US Census Bureau Construction Put-In-Place Spending August 2022

Total Construction Spending in August was $1.781 trillion, down –0.7% from $1.793 trillion. However, total construction spend has increased 8.5% from $1.641 trillion in August of 2021. Compared against the CPI inflation rate of 8.3% we can say the real total construction spend has increased .2% from last year, meaning the total volume of work has stayed on pace with last year. However, using a construction cost index we may not agree with this assessment as the rise in cost of construction materials has outpaced the cost of other material goods.  
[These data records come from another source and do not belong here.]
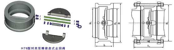H76型對(duì)夾式雙瓣旋啟式止回閥 |
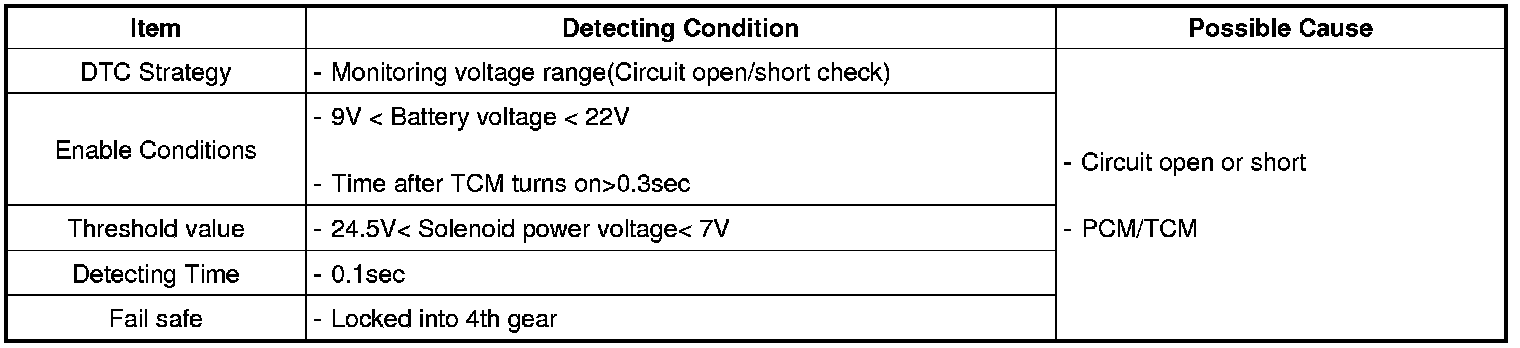 PCM (TCM) monitored supplied voltage to ATM solenoid valve. This voltage is without specific, then gear is fixed 4th speed.
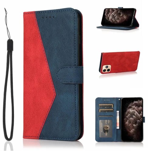 Estuche para Teléfono iPhone 11 Pro Max Cuero con Costuras Dos Colores (Rojo Azul)
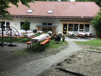 Endlich gab es wieder ein „normales“ Sommerfest im Kinderhaus. Nach zweijähriger Pause haben sich Groß und Klein am Samstag, den 09.Juli 2022, im Kinderhausgarten eingefunden. Zum Thema „Die kleine Raupe Nimmersatt“ haben die Kinderhauskinder in den Wochen davor ihr Fest fleißig vorbereitet. Stolz haben die Entenlandkinder das Raupe Nimmersatt Lied präsentiert und zum Lied „Sommerfest auf der Wiese“ wurde sich sportlich bewegt. Dass es dafür einen großen Applaus von den Eltern gab, war natürlich klar. Anschließend konnten sich die Kinder bei Spiel- und Bastelstationen kreativ entfalten. Besonders beliebt war die Schmink- und Tattoostation. Das leibliche Wohl ist auch nicht zu kurz gekommen. Bei Köstlichkeiten vom Grill sowie einem reichlichen Salatbuffet konnte man es sich gut gehen lassen. Wer noch Lust auf Nachtisch hatte, konnte sich durch das Kuchenbuffet schlemmen.
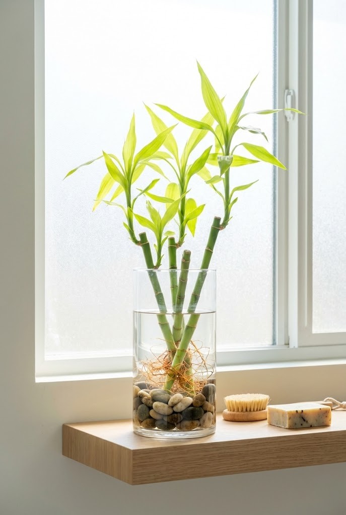Lucky bamboo fits easily into small bathrooms because of its upright form and minimal footprint. On narrow shelves, it reads as intentional rather than decorative filler.
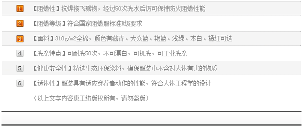 抗焊接飞溅物,经过50次洗水后仍可保持防火阻燃性能
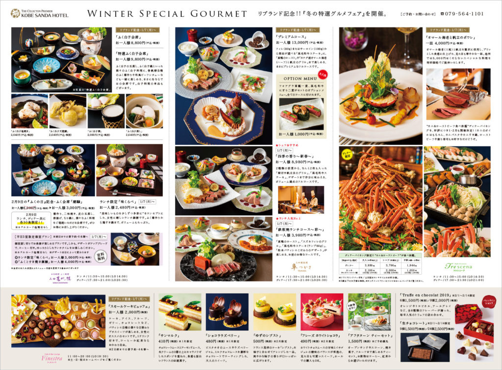 「ザ・セレクトンプレミア 神戸三田ホテル」さんの1・2月のフェア内容を紹介する販促ツールを制作させていただきました。

Of the total construction spend ~48% is non-residential construction. Split up between public and private spending we find that private non-residential construction makes up ~29% of total construction spending while public non-residential construction makes up ~19%. Drilling down further we see that public construction sectors (Highway & Street, Sewage & Waste, Water Supply) have changed marginally, -1.4%, +1.5%, -1.1% respectively, from last month. However, sewage & waste and Water Supply spending have both risen double digits from last year, +11.5% and +23.1%. Private construction sectors (Communication, Manufacturing, and Lodging) faired similar with marginal changes from last month +0.4%, -0.5%, +1.7% however manufacturing has seen large increases in spending from last year with +21.6% increase.  

Construction spending on office, commercial, health care, power, education, and transportation sectors comes from both public and private sources. We saw large increases in commercial spending over the past year, up 19.1%. Spending in the Power sector saw a large decrease as well in the same time frame, down 12.7%. From last month we saw marginal movements –0.5, -0.1, -0.4, -0.8, -0.4, 0 respectively. Overall, we expect to see some cooling off in spending as rising interest rates shelve less profitable projects and resources are pushed to the most profitable projects.